Es en este aspecto en el que hay mucho que recomendar en el reciente libro de Kevin J. Mitchell que hoy comento (Princeton University Press, 2023). Pues, aunque probablemente no le cuente nada nuevo a cualquier científico que sea suficientemente experto las bases de la teoría de la evolución, de la biología humana y de la ciencia cognitiva, sin embargo, sintetiza admirablemente todos esos conocimientos para presentar de manera clara y comprensible un cuadro sinóptico completo de todo lo que hoy sabemos acerca de cómo y por qué tienen lugar los procesos cognitivos, de motivación y de toma de decisiones en los individuos de la especie humana.

Este cuadro se asemeja mucho, según creo, al que yo esbozaba en las tres conclusiones que más arriba he expuesto: el de unos procesos radicalmente condicionados por causas físicas  y psíquicas (que, a su vez, en última instancia también son físicas), funcionalmente orientados a asegurar y mejorar la capacidad de adaptación de la especie a su medioambiente; procesos causales, pues, pero dotados de un elevado grado de indeterminación y aleatoriedad; y procesos, en fin, que se hallan estadísticamente conectados con ciertas características de los procesos mentales de los individuos.
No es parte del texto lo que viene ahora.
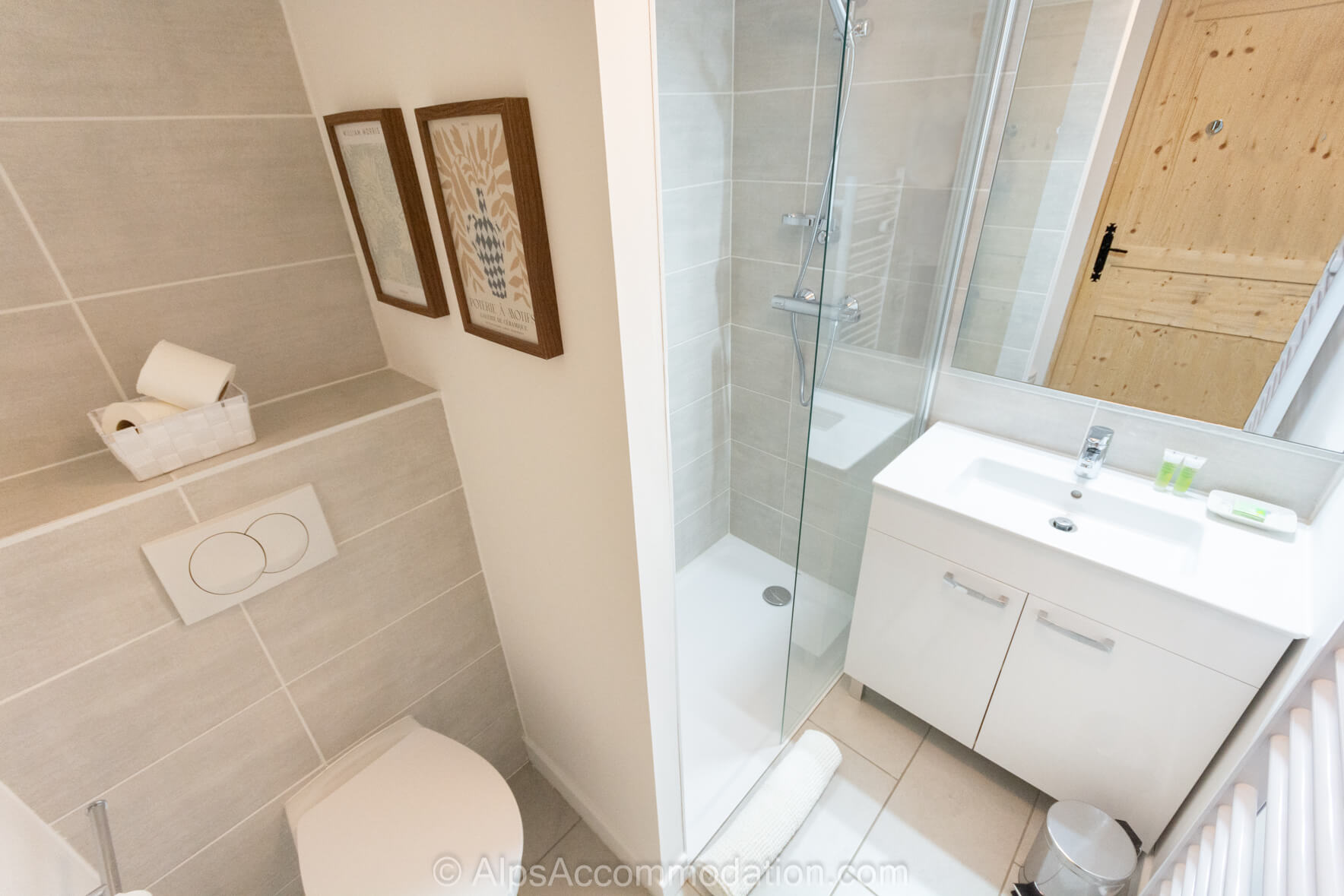 Au niveau intermédiaire, une cinquième salle de bain est équipée d'une douche avec accès PMR et WC.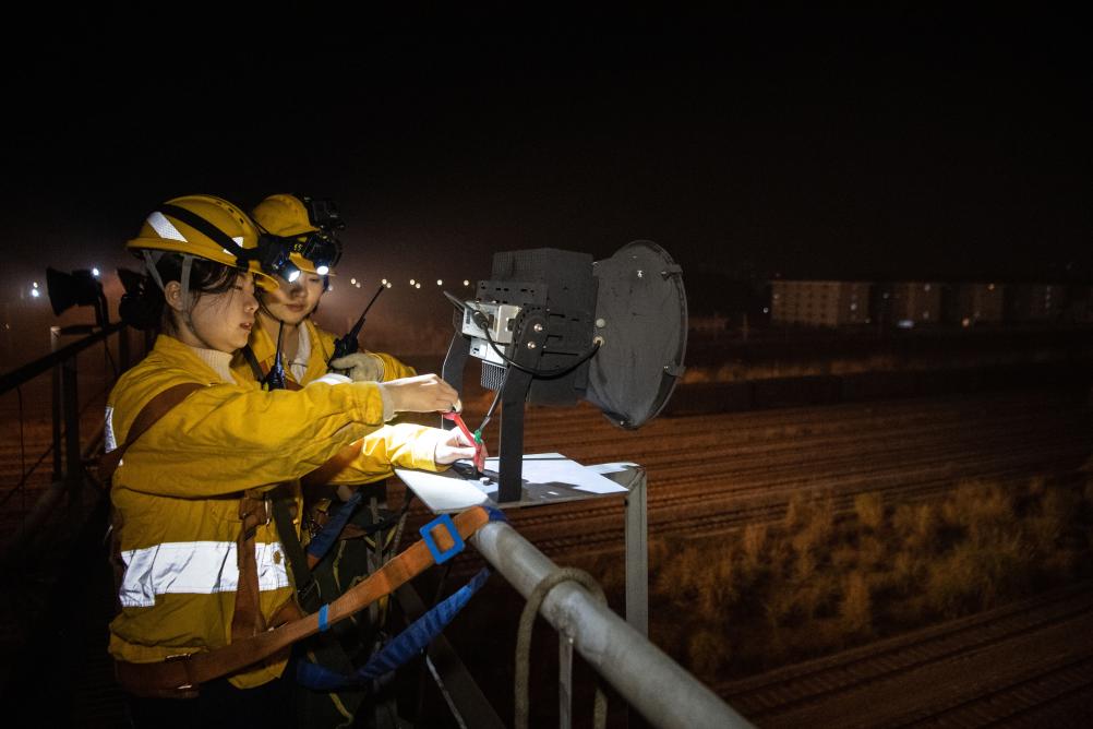 1月12日,在重庆兴隆场编组站15号灯桥上,母思琪(左)使用对讲机通知地面配合人员控制电源试验灯具。新华社记者 唐奕 摄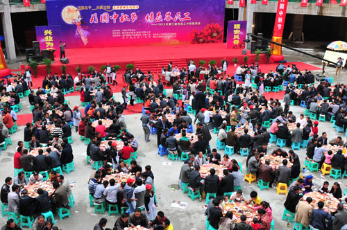 演出结束后,工地上宴开百余桌,参会领导和三峡之子、农民工们一起举杯庆祝国庆和中秋佳节的到来。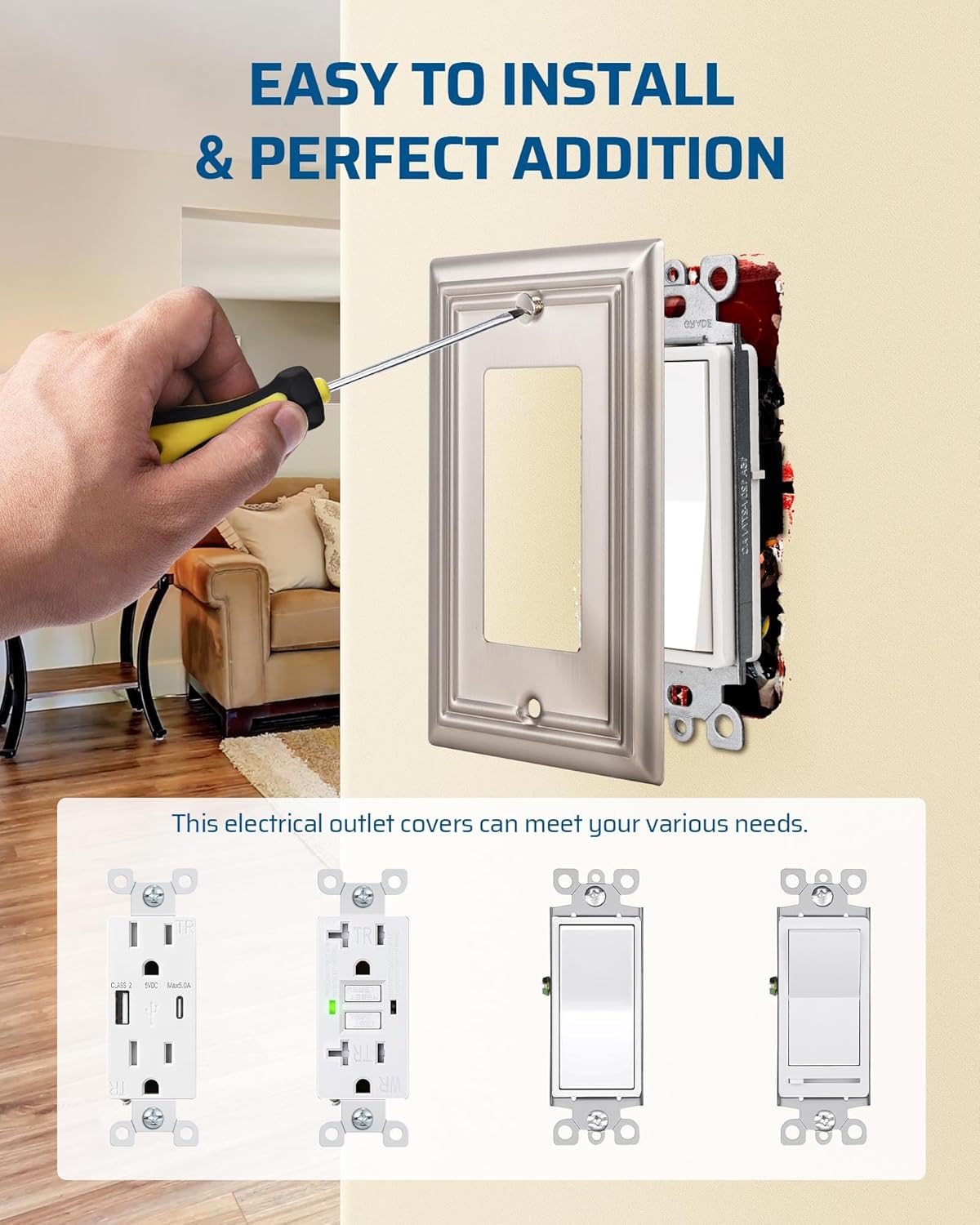 - [Versatile and Useful] Widely used in different types of duplex receptacles, our metal switch plate covers also suit for dimmers, switches, outlets, etc.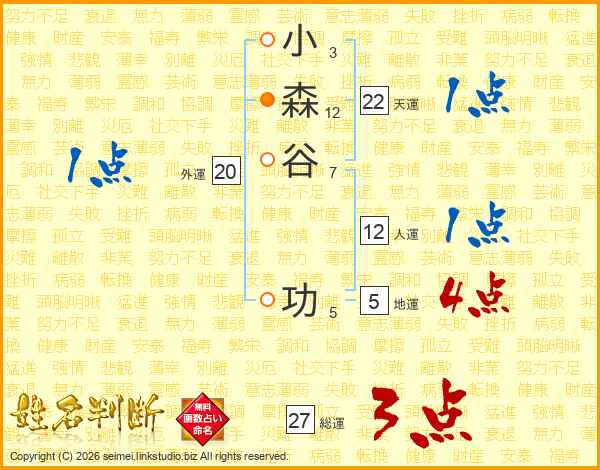 小(3画)森(12画)谷(7画) 功(5画)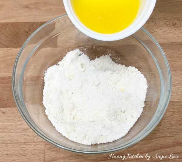 Deje enfriar el mantequilla derretida a temperatura ambiente antes de agregar a la mezcla de harina.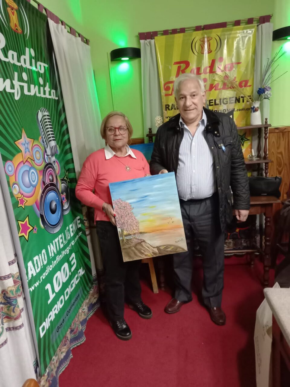 En virtud de tan distinguidas visitas, la conductora radial sacó a relucir su faceta artística de pintora y las obras creadas se las obsequió al Lic. Manuel Belgrano, el Chozno del General y al escritor.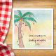 Diese Wiedersehen-Papierservietten sind mit einer Palme auf einem farbenfrohen Aquarell dekoriert. Einfach anpassbar. Original Wasserfarbe © Michele Davies.

Todo esto es lo que se expone, de manera admirable (divulgativa, pero rigurosa), en los primeros nuevo capítulos de libro, aquellos cuya lectura me parece altamente recomendable. Luego, en lo que queda de libro, el autor viene a defender su tesis (filosófica) de que este estado de cosas acabado de exponer equivale, desde el punto de vista práctico, al libre albedrío, que ampararía y justificaría las prácticas de atribución de responsabilidad moral. He de confesar, sin embargo, que esta última parte filosófica me parece más bien endeble desde un punto de vista teórico: aun compartiendo su conclusión, creo que no se aportan los argumentos necesarios para justificarla. Y ello, porque -como he señalado más arriba- en realidad la justificación de dichas prácticas no depende tanto de cómo sean los hechos naturales acerca de la mente humana, cuanto de cómo son o deben ser sus prácticas de interacción social (cuestión sobre la que el libro apenas profundiza).

Sea como sea, lo repito: cualquiera que esté interesado en las cuestiones de la mente humana, la acción y la responsabilidad moral tiene mucho que aprender (salvo que sea ya un experto) de la explicación científica acerca de las dos primeras cuestiones que el libro contiene. Y que proporciona una base empírica imprescindible para las elaboraciones filosóficas y jurídicas más sofisticadas que, en este ámbito, estamos necesitando.